Mimi a cité en exemple les grands groupes agroalimentaires, qui ont constamment fait pression en faveur de cette dérogation. Le principal exportateur de produits laitiers, Dairygold, a réalisé un bénéfice de 2.9 millions d'euros. bénéfice après impôt l'année dernière, a promis travailler « main dans la main avec le gouvernement » pour protéger ses exploitations laitières – dont 60 % bénéficient d’une dérogation.

En septembre, les transformateurs laitiers et les principaux groupes de pression agricoles, y compris les Association des agriculteurs irlandais, a lancé un « déclaration conjointe » à l'appui de la dérogation, dont la date a été fixée pour coïncider avec la visite de la Commission européenne en Irlande.

« Les transformateurs laitiers ont instrumentalisé ce discours favorable à la dérogation pour servir leurs propres intérêts, en agrandissant leurs installations afin d'accroître leur production laitière », a déclaré Crawford. « À un moment donné, il faut privilégier la qualité à la quantité. La valeur nutritive de nos aliments diminue et les sols sont dégradés. »

Appel à la transition 

Tous les agriculteurs interrogés par DeSmog s'accordent à dire qu'il incombait au gouvernement irlandais d'encourager la transition vers une agriculture plus durable. 
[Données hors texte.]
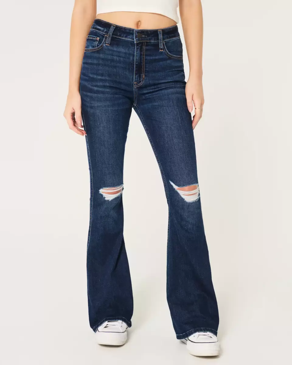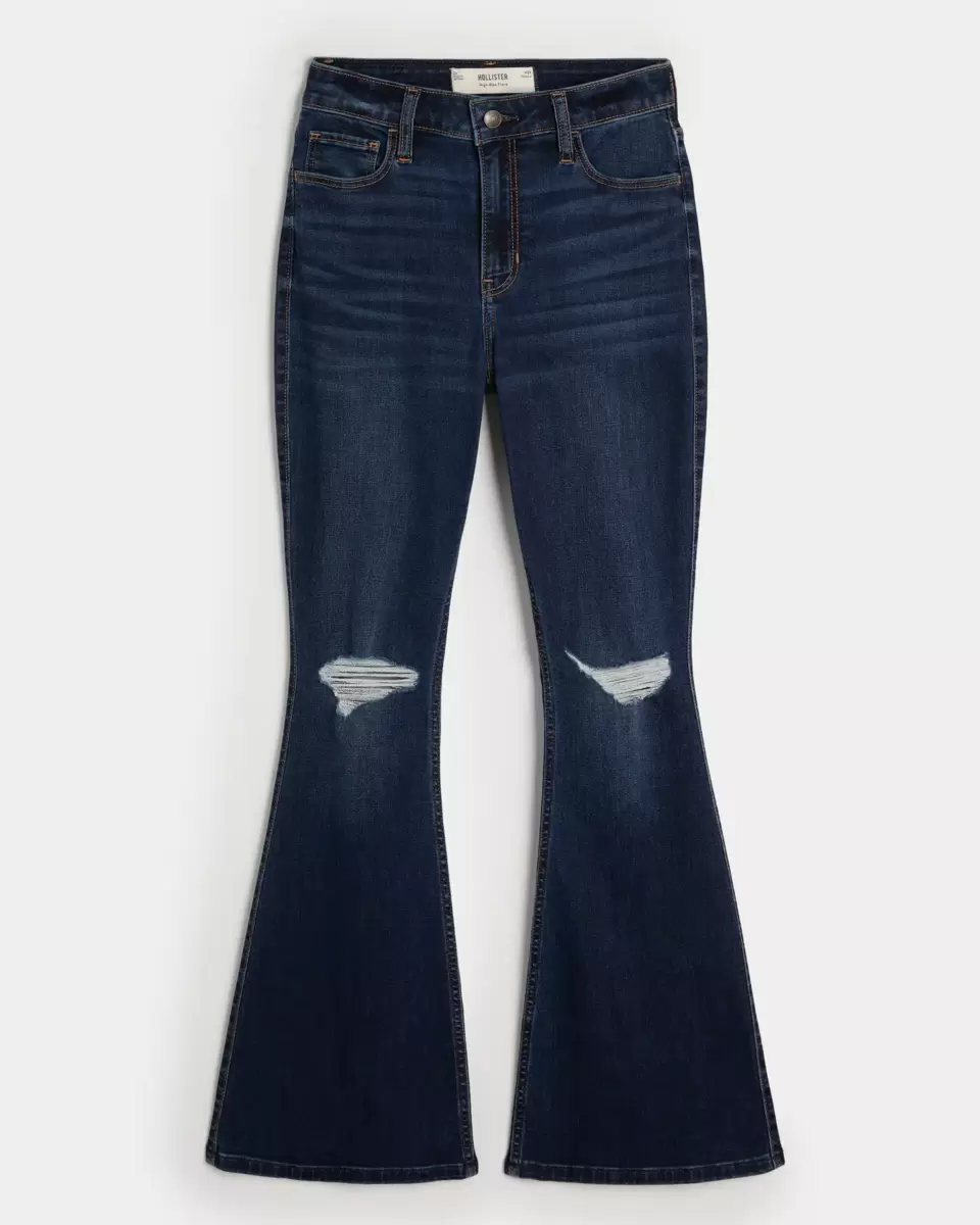 Klassiska jeans designade med hög midja, smala ben och utsvängd fåll. Mörk tvättad denim med stretch, blekning, morrhår och slitna detaljer. Importerad.

ThégascL'agence d'État irlandaise pour l'alimentation et l'agriculture, le ministère de l'Agriculture, de l'Élevage et de la Marine (DAFM), a défendu le maintien de la dérogation irlandaise à la directive européenne sur les nitrates, malgré l'incapacité du pays à améliorer la qualité de l'eau. Le DAFM a également maintenu cette position de manière constante. soutenu la mesure.

O'Connor affirme que le système profite au petit nombre d'agriculteurs bénéficiant d'une dérogation – seulement 5 % des agriculteurs irlandais utilisent cette exemption. Environ un tiers (32 %) des demandeurs de dérogation l'an dernier possédaient plus de 200 vaches.
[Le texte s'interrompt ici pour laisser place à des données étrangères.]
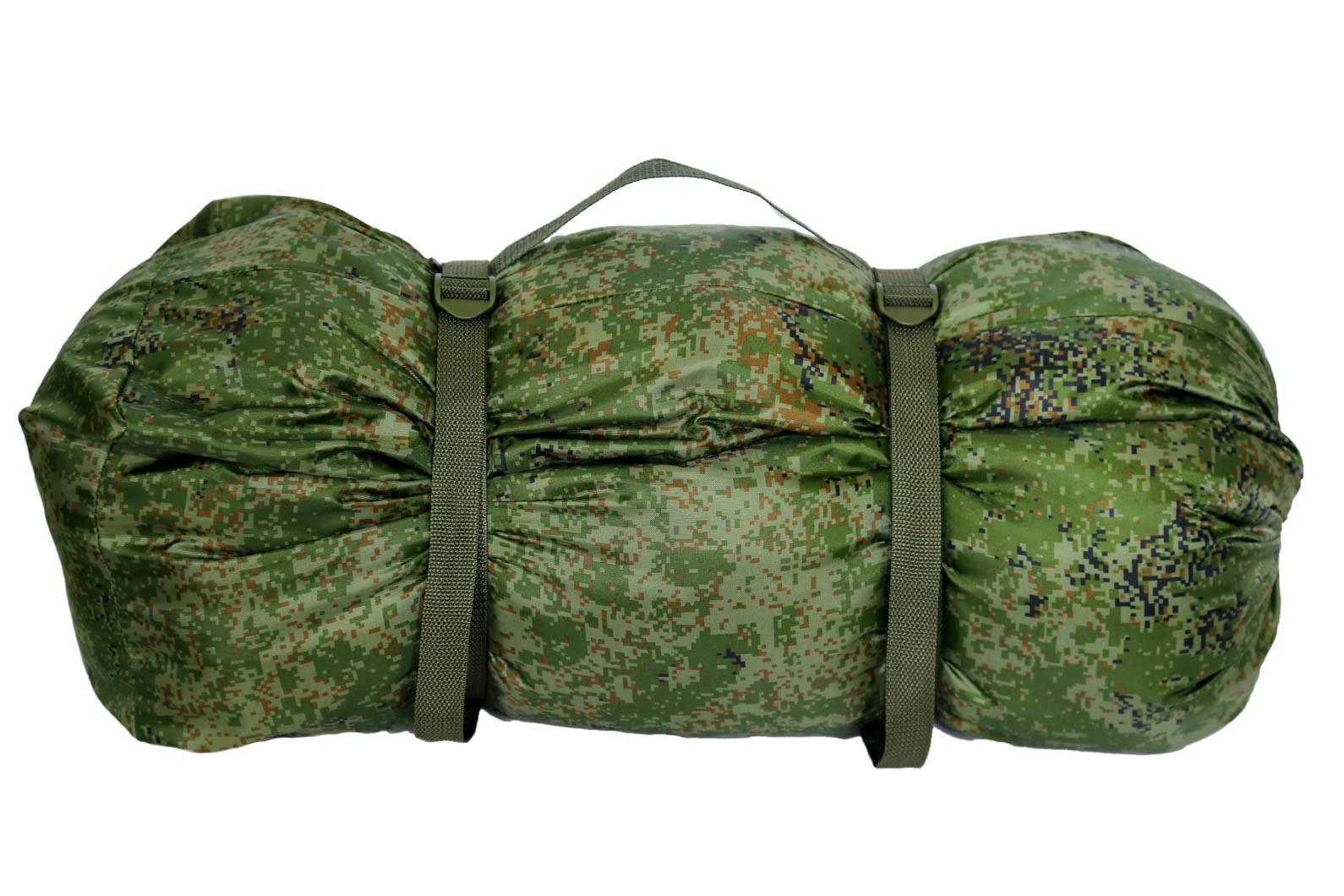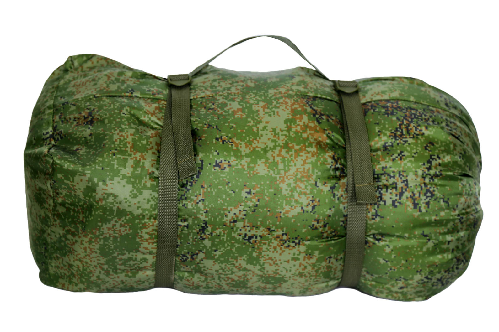 Чехол имеет ручку из стропы и две компрессионные стропы с пряжками. Стропы позволяют уменьшить объем спальника, чтобы он занимал меньше места в рюкзаке

« Cette dérogation est essentielle pour quelques très grandes exploitations, car elles ne peuvent pas faire fonctionner leur système sans ces importants apports d'engrais », a-t-il déclaré, ajoutant que les agriculteurs moyens sont amenés à croire qu'ils ont besoin de plus d'azote artificiel que leurs prairies n'en nécessitent. « Ce dont la majorité des agriculteurs ont réellement besoin, c'est d'informations et de connaissances objectives, honnêtes et transparentes, qui les aideront à adopter un système plus agroécologique et respectueux de la nature », a-t-il conclu. 
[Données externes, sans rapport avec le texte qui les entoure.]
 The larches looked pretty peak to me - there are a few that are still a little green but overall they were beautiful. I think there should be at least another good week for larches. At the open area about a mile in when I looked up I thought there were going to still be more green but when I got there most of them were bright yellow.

Les agriculteurs ont également besoin d'un soutien financier et d'une période de transition pour les accompagner vers une agriculture durable, a-t-il ajouté. 

« Le maintien de cette dérogation ne fait que retarder les mesures nécessaires », a-t-il déclaré. « Il est indispensable d'ouvrir un débat plus large sur la manière dont l'agriculture peut opérer cette transition. »

Crawford est d'accord. « Cette dérogation doit être supprimée, mais progressivement, et une vision plus globale doit être adoptée, sinon ce n'est pas juste pour les agriculteurs. Ce n'est pas de leur faute : on leur a conseillé de se développer et de profiter de cette dérogation. C'est tout le système qui doit changer. »

Les agriculteurs avaient été « poussés à bout », a ajouté O'Connor.

« Nous devons régler ce problème maintenant, car notre seul espoir pour l'avenir réside dans un revirement complet et la réforme en profondeur de ces systèmes », a-t-il déclaré. « Si nous maintenons les dérogations et ne changeons rien aux pratiques habituelles, il n'y a aucun espoir pour la prochaine génération, ni même pour celle-ci. »

Portrait de Phoebe Cooke - Crédit photo : Laura King Photography
Phoebe est rédactrice adjointe chez DeSmog UK, spécialisée dans la politique européenne.